Copyright Codex explains copyright law with plain language and visual comparisons. Its a work in progress. We try to answer questions like “when is software copyrightable?” and “when does new software infringe on an existing copyright?”
Here’s a few examples in software, art, and literature:
Fair Use in Appropriation Art: Cariou v. Prince
The allowable scope of “transformative” fair use was broadened in 2013 by Cariou v. Prince, 714 F.3d 694 (2d Cir. 2013). A new work is transformative, and therefore fair use, if it shows a “new expression, meaning, or message.”
Photoshopping and Fair Use: Leibovitz v. Paramount
Annie Leibovitz sued paramount for photoshopping Leslie Nielson’s head into her famous photo. It was for a movie advertisement, which is a commercial use. A defendant’s commercial use tends to weigh against fair use. However, the court decided the Naked Gun poster was “transformative” and therefore fair use.

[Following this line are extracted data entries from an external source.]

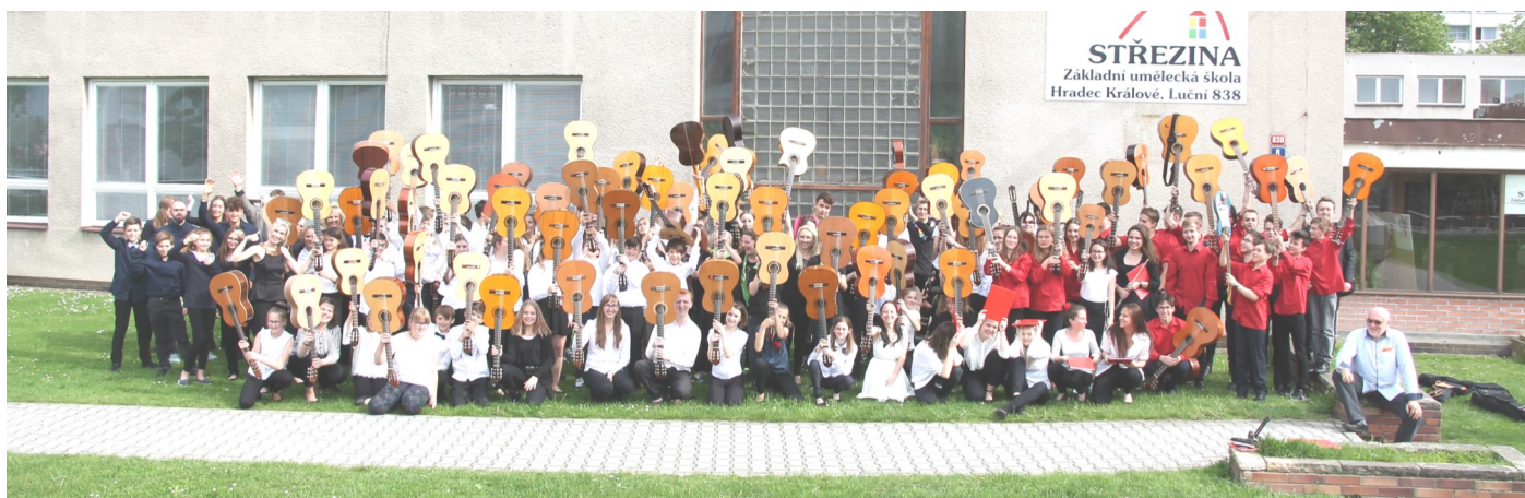
Hradecké Guitarreando 2019
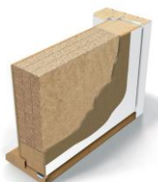
Innerdør EI30/ dB35
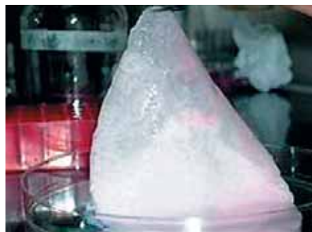
Trozo de cultivo de piel hecho en laboratorio con células autólogas, es decir, multiplicadas artificialmente.

Por sus características, el proyecto de cultivos de piel fue reconocido por CONICYT como uno de los mejores del 2010, pues lleva la ciencia a la vida real de las personas, al tratarse de una investigación aplicada. Sin embargo, también se ha traducido en aportes en ciencia básica: “Esta ha sido una investigación aplicada durante la cual hemos hecho muchos descubrimientos de ciencia básica sobre biología celular, como cultivar, biología de células madres, sus factores de crecimiento y otros aspectos. Fue un poco a la inversa de lo tradicional, pues haciendo investigación aplicada hemos realizado ciencia”, señala Weinstein.
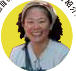
独自の視点で世界をご紹介!

Video Game Design Elements: Atari v. Philips
Philips admitted that it copied from Pac-Man, but claimed fair use. It argued that “KC Munchkin” only copied elements that were necessary for a maze-chase game. The court disagreed: the gobbling protagonist and colorful ghosts were original to Pac-Man, and not necessary components to all maze-chase games. KC Munchkin was not fair use.
Parody: Dr. Seuss v. Penguin
Parody weighs in favor of fair use, but satire may not. In a parody, the copyrighted work is the target of ridicule. In a satire, the copyrighted work is merely a vehicle to poke fun at another target. Since Dr. Juice’s book used Dr. Seuss’ copyrighted stovepipe hat, but Juice didn’t ridicule Seuss, the court decided against fair use.
GUI Design Elements: Apple v. Microsoft
In the late ’80s Microsoft copied visual design elements from the Apple’s groundbreaking GUI. The two UI’s are similar, especially in their ability to display overlapping windows (a big deal at the time). But the court found fair use.
Although the two operating system GUI’s share many similar elements, the court didn’t compare every element. Before making a comparison, the court “filtered out” two types of design elements: (1) elements that were in the public domain, and (2) elements that Apple had licensed to Microsoft. After this filtration step, there weren’t many design elements left. The court decided that Microsoft’s copying of a handful of remaining design elements was fair use.